Awesome
Accompanying code for paper “Multiway Powersort”
This is the accompanying C++ code for the article “Multiway Powersort” by William Cawley Gelling, Markus Nebel, Benjamin Smith and Sebastian Wild. It contains efficient implementations of nearly-optimal adaptive mergesort variants, in particular Powersort and Peeksort as well as variants thereof for 4-way merging.
To reproduce the raw data used in the running-time study in the paper,
run the experiments.sh
Bash script.
The code assumes a typical Unix development environment and uses cmake
.
The code is optimized for compilation with g++
(from the GNU Compiler Collection),
but should also work with clang++
(from LLVM).
The cachegrind cache simulations need valgrind
and callgrind
to be installed.
The largest inputs (100M 16-byte objects) use up to 10 GB of main memory
(buffers are not shared across algorithms); comment these runs out in experiments.sh
if you do not have sufficient memory.
The full set of experiments runs for ~1 day.
Figures
All figures in the paper are created using Wolfram Mathematica;
the code is in the notebook create-plots.nb
.
A quick description on how to manually recreate the plots when Mathematica is not an option appears below.

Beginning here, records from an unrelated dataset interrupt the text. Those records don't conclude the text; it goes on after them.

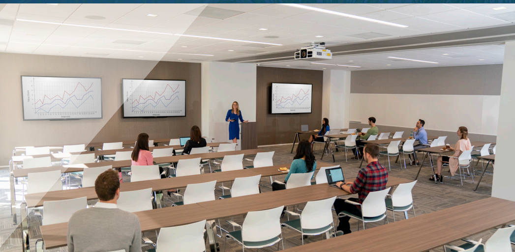
Dynamic conference center with flexible seating and hi-tech AV equipment
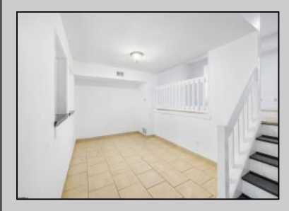
4952 Flintshire Mays Landing, NJ 08330
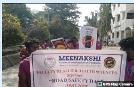
Students participating in the rally
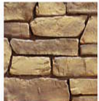
UMBRIA | Field Ledge
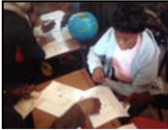
Working with African teachers

There is a great need for classrooms and education in Zambia. Many hundreds of children are on a waiting list to go to school. Education is highly valued but only those families with money can send their children.
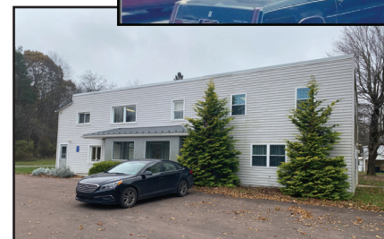
Pictured: Musser Engineering, Inc 1984 vs Present Day
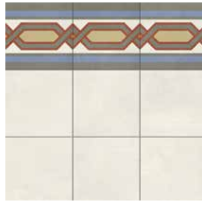
Altea Puerto Frieze Natural 59,2x59,2 cm - 23,3"x23,3"
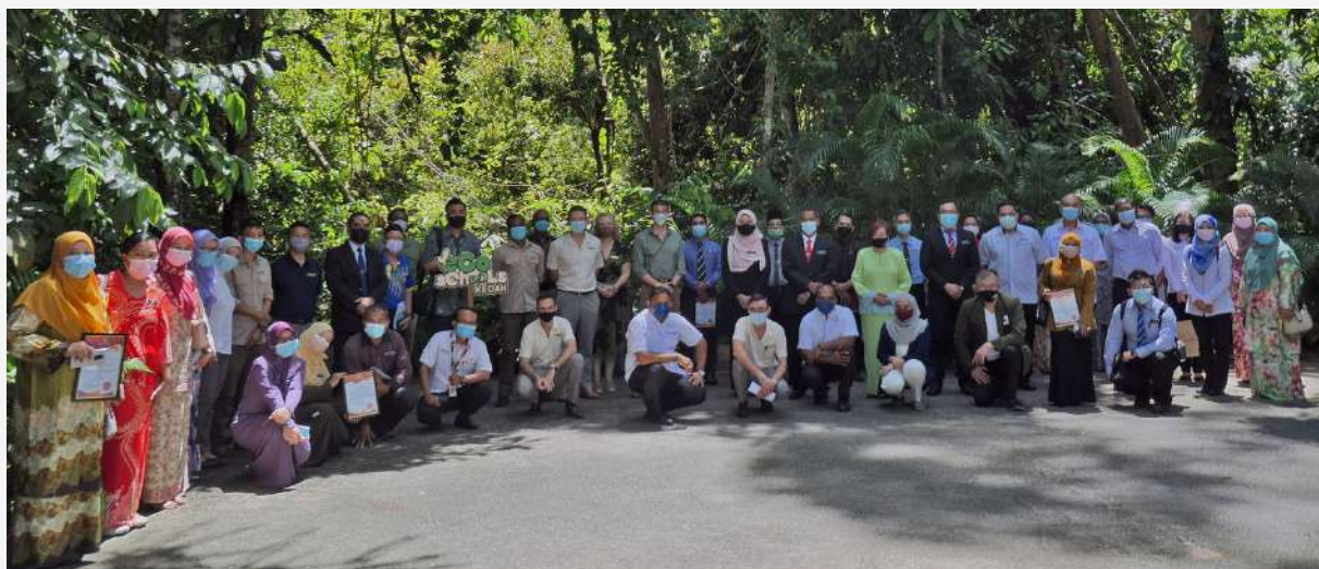
Group Photo, near The Culai House
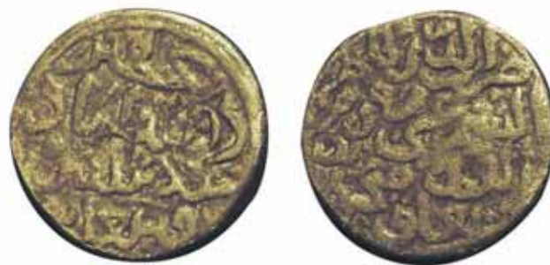
Coins of Muhammad-bin-Tughluq

During the Sultanate period there were major changes in coinage system. Instead of images of deities on the coins, the names of the Khalifa and the Sultan were inscribed on the coins. Details regarding the year of issue, place of minting etc. were inscribed on it in the Arabic script. 'Tola' came to be considered as a standard unit for the weight of the coin.

Figure 3 (running time over n, ints, random runs)
Uses the averages and standard deviations from times-runs-int.out
.
Figure 4 (running time distribution, 10^7 ints, random runs)

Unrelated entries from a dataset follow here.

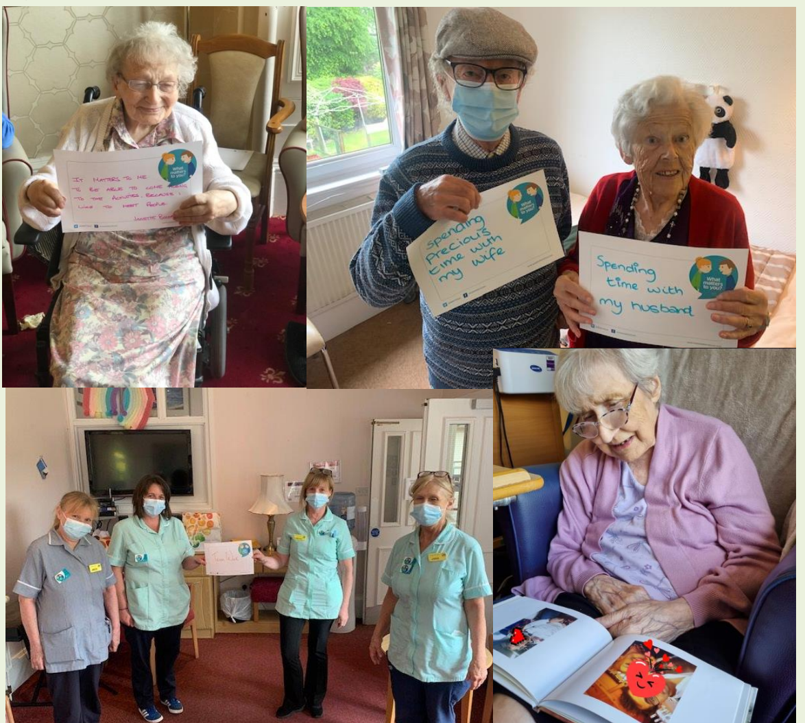
Figure 2.3: What matters to residents, their families and staff in Alt Na Craig, Merino Court and Glenfield Care Homes
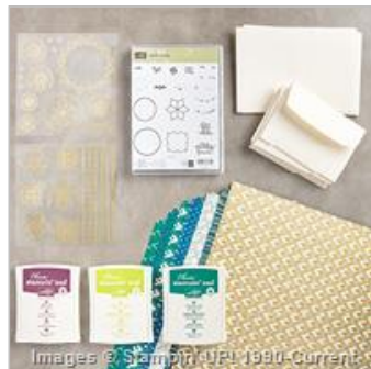
Eastern Palace Starter Bundle
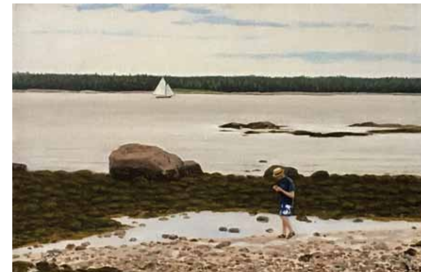
Low Tide , oil on canvas, 12 x 18 inches
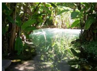
Fig. 2 Fervedouro
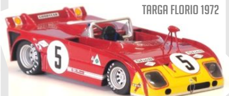
ALFA ROMEO 33TT3 #5 TARGA FLORIO 1972
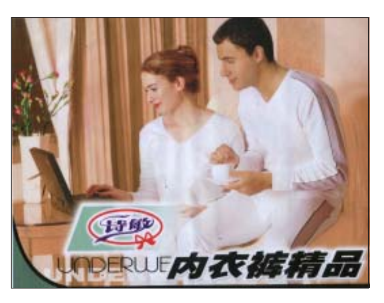
(above) The long underwear expert... The coffee-drinking and laptop usage aren't accidental of course; in Chinese eyes they heighten the foreigner's aura of technological savvy and sophistication. (below) ...and the soy sauce imperialist : Clowning with one of the Chinese kung fu master chefs on a break from filming

This same striving has played out on the macro level for the last 25 years, as a still-largely-rural China has sought to close the gap with the developed nations through the modernization and urbanization of its society and economy. It's no surprise that foreigners are called upon to play the expert in commercials: after we were thrown out of China during the Maoist era, a main purpose of our being welcomed in again was to provide the

Uses the raw data from times-runs-10m-int-dist-xxxxx.csv
(where xxxxx
is the timestamp of the run and a parameter summary).
The charts are created using Mathematica's DistributionChart
command.
Figure 5 (running time over n, records, random runs)
As Fig. 3, but with the data from times-runs-l+p.out
.
Figure 6 (running time over n, ints, random permutations)
As Fig. 3, but but with the data from times-rp-int.out
.
Figure 7 (scanned elements over n, random runs)
Uses the columns merge-cost
and buffer-cost
from
times-runs-*-cmps.csv
files; the scanned element count is computed as:
scanned elements = 2 * merge-cost + 2 * buffer-cost
Then the averages and standard deviations are plotted.
Figure 8 (merge cost over n, random runs)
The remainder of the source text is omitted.